Where on earth did you read this? Pretty sure this is incorrect.


----------



## Noahma (Oct 18, 2009)

demonr6 said:


> I read the dad keeps them in his mouth then releases them. Can't feed him though because he eats them. Actually in all likelihood he will eat them. Do a search, someone on here recently has had them breed. I would find him and seek him out for advice. I was just reading the post too yesterday so it is recent. Good luck and congrats!
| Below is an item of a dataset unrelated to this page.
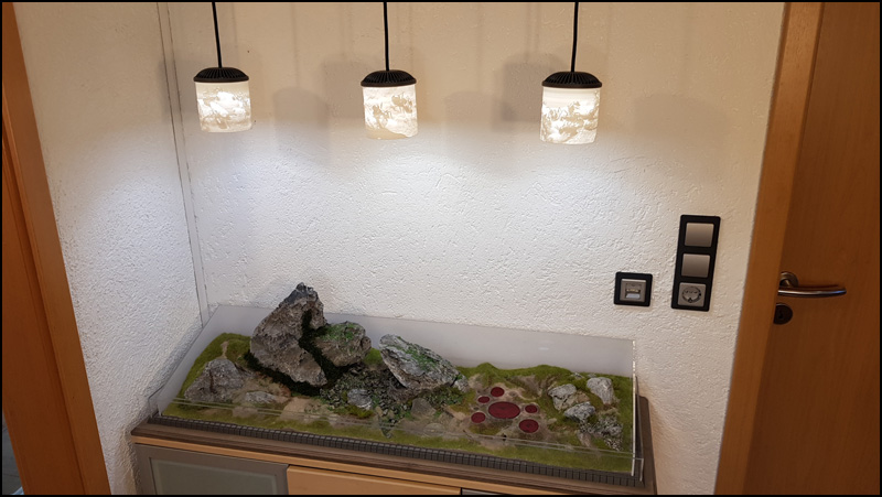 In 1-2 Jahren ist die Anlage sicher immer noch ĂŒberdimensioniert und bietet ausreichend Platz. Allerdings haben bisher alle meine Anlagen in dieser Zeit sehr gelitten. Es hört sich vielleicht seltsam an aber ich habe immer den Eindruck, dass alle natĂŒrlichen Materialien "sterben" sobald sie nicht mehr der Witterung ausgesetzt sind. Besonders Steine wirken nach einem Jahr irgendwie matt und kontrastlos. Kleine Flechten und Moose sterben ab, alles trocknet gleichmĂ€Ăig durch, Farben werden stumpf und das ganze Formikarium nimmt eine gleichförmige, leblose Optik an. Das ist vielleicht etwas pingelig, aber es ist der Hauptgrund warum ich die Einsatzdauer so niedrig ansetze. Ich war nie ein Ameisenhalter dem ein groĂes Volk wichtig war, oder der besondere Freude an exotischen Tieren hatte. Mein gröĂter Antrieb war immer ein schönes Formikarium zu bauen, dabei aus meinen Fehlern zu lernen und es im nĂ€chsten Jahr besser zu machen. TatsĂ€chlich finde ich es nach wie vor eine groĂe Herausforderung Becken einzurichten, die den AnsprĂŒchen von Ameisen, Einrichtung und Halter (in dem Fall mir) dauerhaft gerecht werden.

There are chichlid species that are mouth brooders, but not gbr's


----------



## Krucianking (Jan 19, 2011)

That ph is very high I doubt the eggs will survive. But in that community tank the fry are doom to be a community dinner. If you choose to raise fry remove the pair place them in a cycle 10 gallon soften the water with some almond,oak leaves or peat moss.Keep up with water chages and you ready to go.


----------



## nalu86 (Oct 19, 2010)

Buy one of the hob breeder boxes (satelite or so called) Put some moss in there. When the eggs hatch, with a turkey buster (or how do you call it) take the fry away from the parent (be careful) (parents will attack). put the fry in the breeder box, after couple of days the fry will be freeswimming. First couple of days they will eat the infusoria from the moss. 
After 3-5 days start feeding them microworms (culture).
After 7-10 days they should be big enough to eat freshly hatched baby brine shrimp. When they start groing bigger have a 20 gallon ready with same water as the main tank.
After month try to feed crunched flakes with bbs.
Month half bloodworms and brine shrimp and flakes.

Don't overfeed to much and try after every meal (5x a day) to clean the bottom. 10-20% water change daily.

Hope this helps!


----------



## gabloo (Apr 26, 2011)

Did anyone ever success breeding and raising them in similar water quality like mine?


----------



## nalu86 (Oct 19, 2010)

gabloo said:


> Did anyone ever success breeding and raising them in similar water quality like mine?


I tried to raise fry in a ph of 6.2, 6.8 and 7.6, kh 4 and gh 5 with success, but never tried it with a higher PH.

Its better for your rams that you lower your ph a little bit. You can use peat, Indian almond leaves and even driftwood to lower the ph.


----------



## ChrisCDR (Apr 7, 2011)

I bred these in a small community tank a few years ago but i dont think my PH was as high as yours, mine was approx 7.8 i think.

they bred twice before but all died off due to lack of food. the third brood was fed by just dropping bits of algae wafers in their territory. I ended up with about 12 survivors in the end.


----------